羽生結弦も順調。日本人スケーターがアイスショーで着々と調整 (2ページ目)

  • 折山淑美●取材・文 text by Oriyama Toshimi 能登直/Fantasy On Ice 2018●撮影 photo by Noto Sunao/Fantasy On Ice 2018

 羽生はその中でも、自分を着々とレベルアップさせていた。2会場目の金沢公演では、初日はトリプルアクセルと3回転トーループ、2日目には4回転トーループに挑戦。これは着氷が少し乱れたものの、フィナーレでは4回転トーループに再挑戦して、きれいに決めて観客から大歓声を受けた。
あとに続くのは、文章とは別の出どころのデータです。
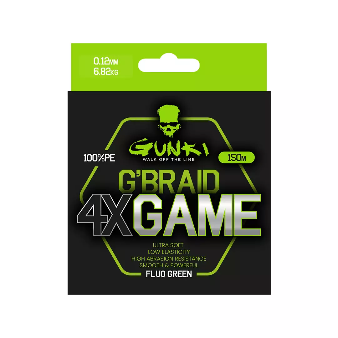 Gunki G'BRAID 4X GAME multifilamentlina är tillverkad av tätt flätade PE-fibrer, vilket garanterar dig oöverträffad draghållfasthet och nötningsbeständighet!
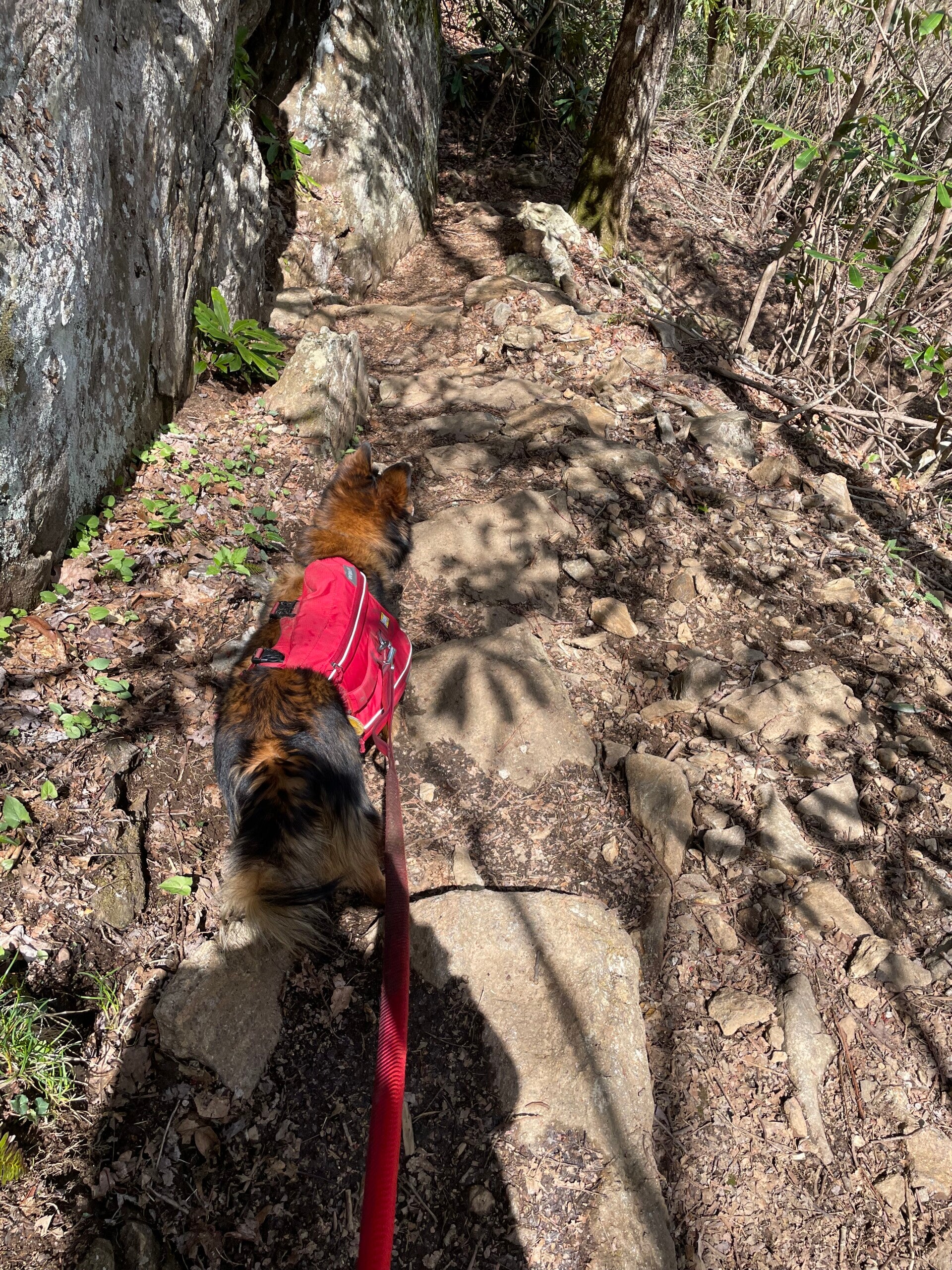 Es sind ja nun nicht die Feldwege, die ich von zu Hause kenne, abgesehen davon, dass es hier bergig ist und es ständig zwischen hoch und runter wechselt, es sind die Pfade selbst, die nicht ganz ohne sind. Es geht über Baumwurzeln, riesigen Felsbrocken und Bächen hinweg. Ich natürlich ganz elegant und leichtpfotig, während mein Lieblingsmensch...... Naja reden wir mal lieber nicht drüber!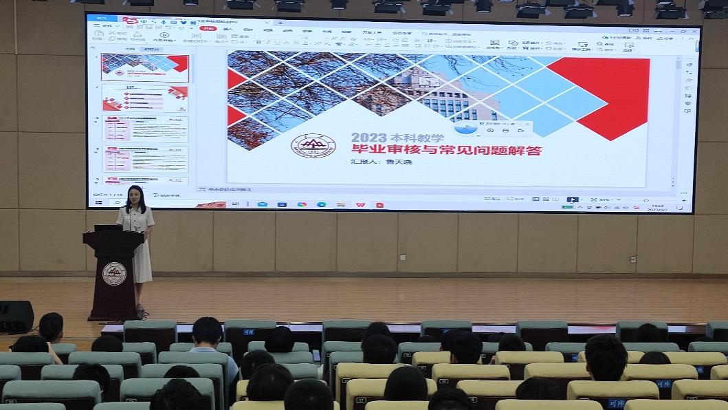 本科生学生学籍管理规定、选课常见问题及本科毕业审核要求,对毕业审核常遇问题进行汇总说明。她强调,同学们要根据毕业要求,做好学分绩点的核对工作,有任何问题及时与教务处沟通。随后同学们进行现场提问,林磊同、鲁天晓就选课、学分转换等问题作出解答。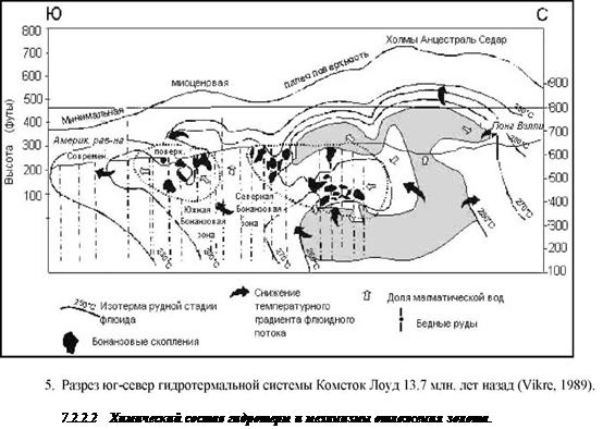 Эти месторождения известны также в качестве кварц-серицитовых. Примером этого типа месторождений является Комсток Лоуд в Неваде (рис.5). Рудоносные гидротермы почти нейтральные, более минерализованы и в среднем более высокотемпературные (200-2600 С), чем в месторождениях восходящих потоков.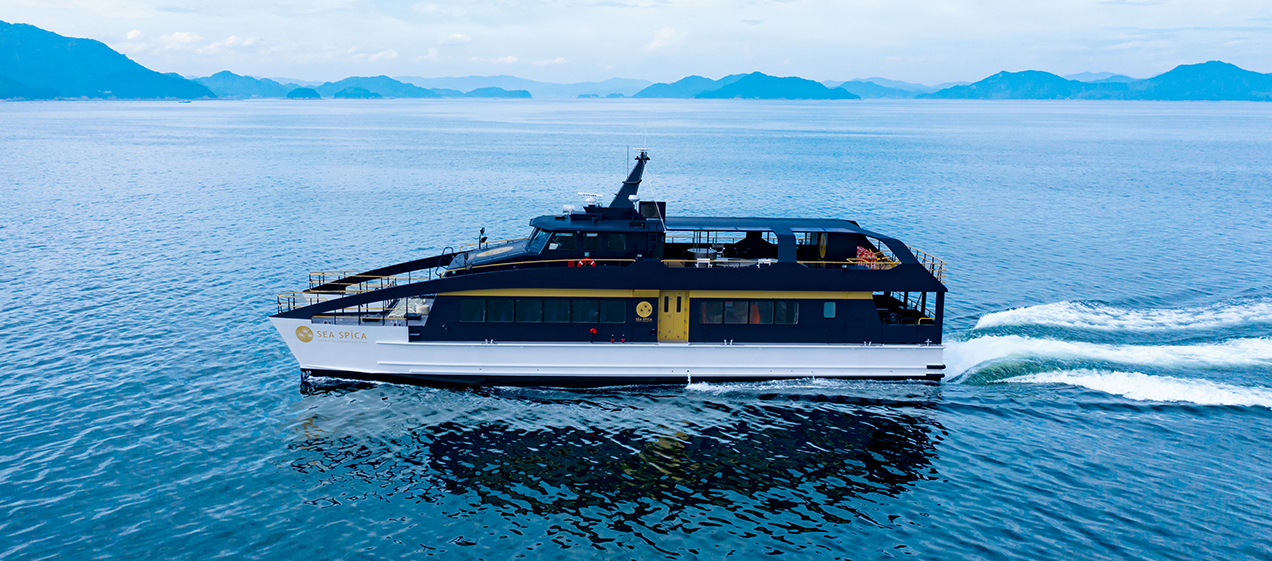 "SEA SPICA" is a sightseeing high-speed cruiser that travels among the distinctive islands of the Seto Inland Sea. Operating between Hiroshima Port and the Onomichi Ekimae Pier, it offers two routes, the "Usagi Course" and the "Shimanami Course," providing a smooth and comfortable journey across the typically calm waters of the Seto Inland Sea. Onboard guides provide clear explanations of the islands' history and culture, adding depth to the experience. The cruise is well-suited not only for sightseeing in Hiroshima but also for commemorative occasions and moments away from everyday routine, with ample time to take in the scenic beauty and unique character of the islands.

 その翌週は、長野で開催された『ヒーローズ&フューチャー2018』の2日目から出演。ここでは2017年世界選手権で世界最高得点を出した『ホープ&レガシー』のショートバージョンを滑り、その演技で3回転ループを解禁。その後の4回転トーループは転倒したものの、トリプルアクセル+1回転ループ+3回転サルコウをきれいに決めると、コレオシークエンスの後にトリプルアクセルを跳び、コンビネーションスピンで締めくくる演技を披露した。
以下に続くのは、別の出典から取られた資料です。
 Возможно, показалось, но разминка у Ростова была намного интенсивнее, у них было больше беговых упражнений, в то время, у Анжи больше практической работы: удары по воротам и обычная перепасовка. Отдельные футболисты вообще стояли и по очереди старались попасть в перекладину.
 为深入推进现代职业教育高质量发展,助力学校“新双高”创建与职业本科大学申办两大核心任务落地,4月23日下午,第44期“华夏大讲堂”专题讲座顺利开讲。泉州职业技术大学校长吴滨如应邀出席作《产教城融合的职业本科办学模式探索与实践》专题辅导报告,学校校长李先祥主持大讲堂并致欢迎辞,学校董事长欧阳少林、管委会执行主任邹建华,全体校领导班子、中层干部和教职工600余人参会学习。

 最終日には、3回転ループで予定していた最初のジャンプを、「軌道が違っていて跳びにくい」と、元のフリーの演技と同じように3回転フリップに変えて軽々と跳び、会場を驚かせた。

 さらに、その後は4回転トーループ+3回転トーループを成功させると、トリプルアクセルからの3連続ジャンプと単発のトリプルアクセルをきれいに決め、順調な回復ぶりを大いにアピールした。
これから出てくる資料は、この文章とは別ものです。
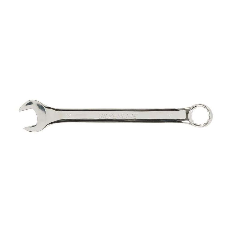 Hochglanzpolierter Ring-Maulschlüssel mit schmalem Profil. Gesenkgeschmiedeter, vergüteter Chrom-Vanadium-Stahl.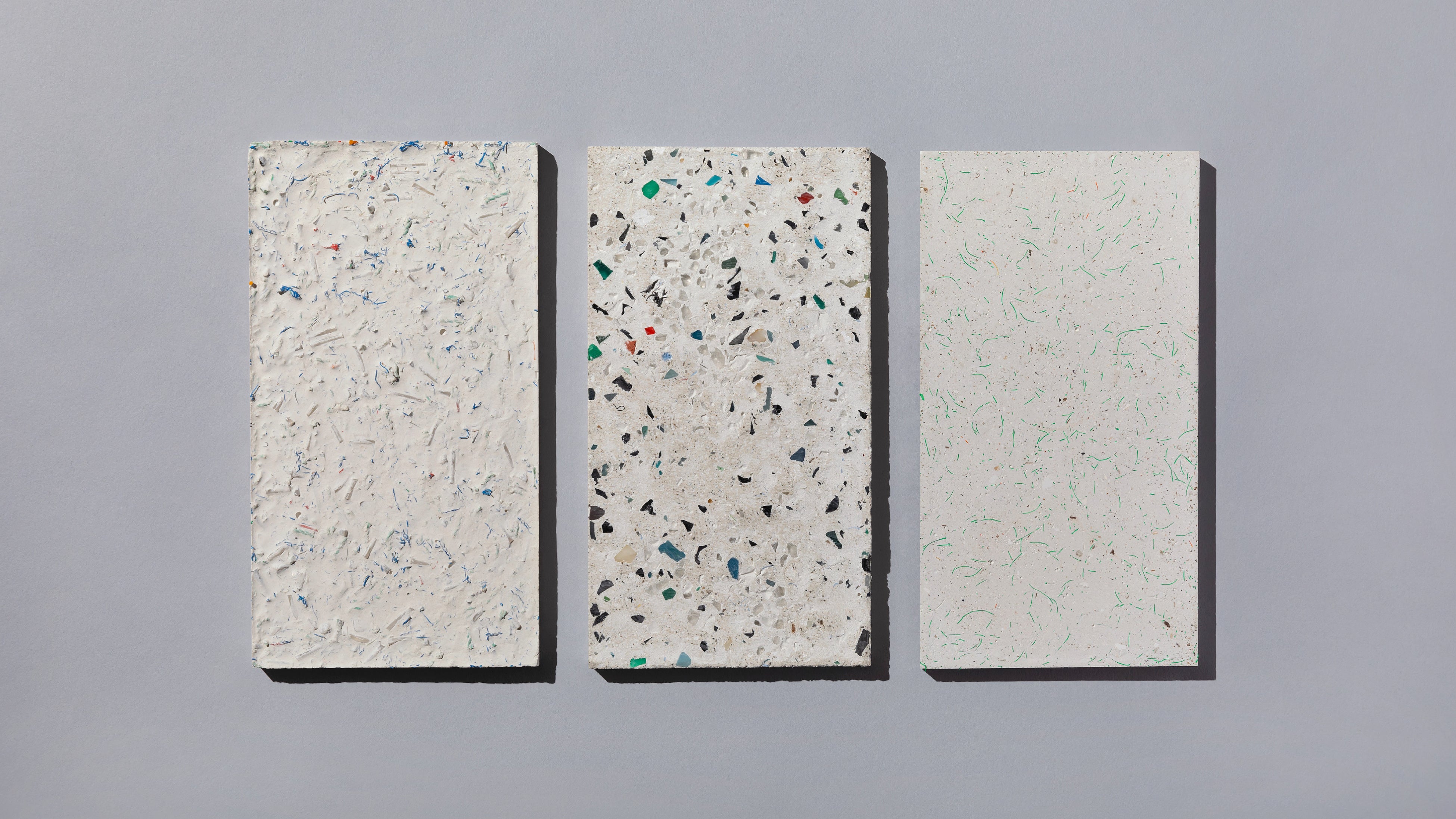 amuca®タイルは、環境への配慮、美しいデザイン性、そして素材に込められたストーリー性を兼ね備えた、廃漁具由来のデザインセメントタイルです。原料には、リサイクルが難しい漁網やブイ、ロープなどの廃漁具をはじめ、漁具以外のさまざまな廃材も活用することができます。また、焼成工程を伴わない製造方法を採用しており、一般的な焼成タイルと比べて製造時のCO2排出量を抑えて作られています。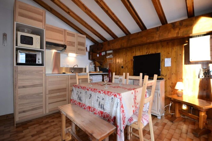 The apartment’s warm interior features exposed beams that exude rustic charm. The living room, equipped with a flat-screen TV and an open-plan kitchen, is perfect for gathering after a day of skiing. The kitchen is fully equipped with modern amenities, including ceramic hobs, a mini oven, a refrigerator, a microwave, and a dishwasher. The sleeping arrangements are thoughtfully designed, with a cozy double bedroom, an alcove with bunk beds, and a living room with a sofa bed and pull-out bed, ensuring comfort for all guests. Additional conveniences include a ski locker, private outdoor parking, and Wi-Fi with Orange TV. Pets are welcome, making it a perfect choice for families.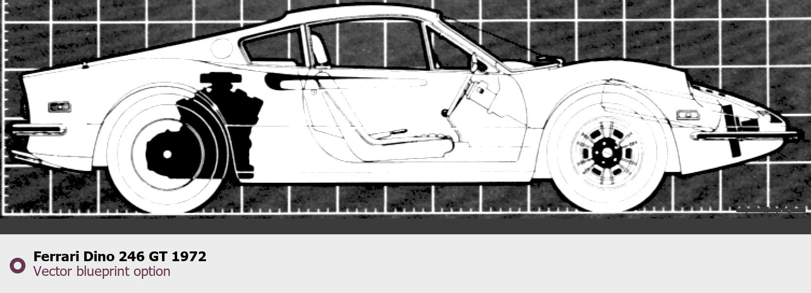 Raster blueprint of the 1972 Ferrari Dino 246 GT Coupe. This free downloadable image can be used for graphic projects, digital design, and 3D modeling. The file provides accurate exterior proportions of the vehicle. Model year: 1972. Body type: Coupe.

 続く6月15日から開幕した『ファンタジー・オン・アイス』後半の神戸公演では、ピアニストの清塚信也とのコラボレーションである『春よ来い』を披露。ジャンプは2本だけの演技だったが、初日と2日目は最初に3回転ループを跳び、後半には大きさのあるシングルアクセルを跳ぶ構成となった。

 その演技を、最終公演の静岡では感情を少し抑えた洗練させたものにして、最初の3回転ループもきれいに跳んだ。その回転速度はこれまでより速く、最終日には4回転も十分いけると思わせるほどの3回転ジャンプになっていた。プログラムの完成度がさらに高い演技を披露した羽生は、4回転ループも跳べそうな状態になっている姿を見せて、アイスショーシーズンを終えた。

トリプルアクセルも跳んだ紀平梨花トリプルアクセルも跳んだ紀平梨花 また、羽生と同じく全公演に出演した紀平は、最初の2公演と神戸の初日まではショーナンバーの『ラビアン・ローズ』を滑り、神戸の2日目からは昨季トム・ディクソンに振りつけてもらった『ビューティフル・ストーム』を披露した。